Мне вспомнились мои ночные строительные кошмары.

– Но скажите, Всеволод Викентьевич, спросил я, – зачем строить эти уродливые громадины, в которых жить неудобно, противно и страшно? Они же разрушаются по мере того, как строятся. К чему так бессмысленно даже не выбрасывать, а уничтожать деньги? Чтобы все видели, что эти деньги шальные или, скажем прямо, краденые? Или они не собираются в этих пышных трущобах жить? Разве этот ампир на свалке – не вернейший способ вызвать к себе ненависть, причем всеобщую? Неужели они полагаются на свою охрану? Но охрана ненавидит их не меньше, чем все остальные, и, пожалуй, собственной охраны им надо больше всего опасаться. Зачем это омерзительное бессмысленное столпотворение?

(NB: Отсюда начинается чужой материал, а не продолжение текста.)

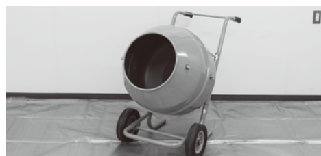
コンクリートミキサー

– Как „зачем“? Для отчетности, – ответил Ярлов. – Для отчетности перед ПРАКСом. Неужели вы вообразили, что на Святой Руси будет когда-нибудь капитализм и рыночная экономика? Мы даем им деньги, или они воруют с нашего ведома. А особняки – это их отчетность, как и присуждение премии „Восторг“, как и „Русское поле“. Кстати, в ПРАКСе обсуждается вопрос, не присудить ли вам за „Русского Фауста“ премию по номинации „Семь пядей во лбу“?

Я постеснялся спросить о денежном содержании премии.

– Но я боюсь, что утомил вас. – Ярлов перешел к заключительным аккордам нашей беседы. – Завтра, с вашего позволения, я приду не один. Нельзя допустить, чтобы вы скучали. К тому же мне понадобится ваше экспертное заключение.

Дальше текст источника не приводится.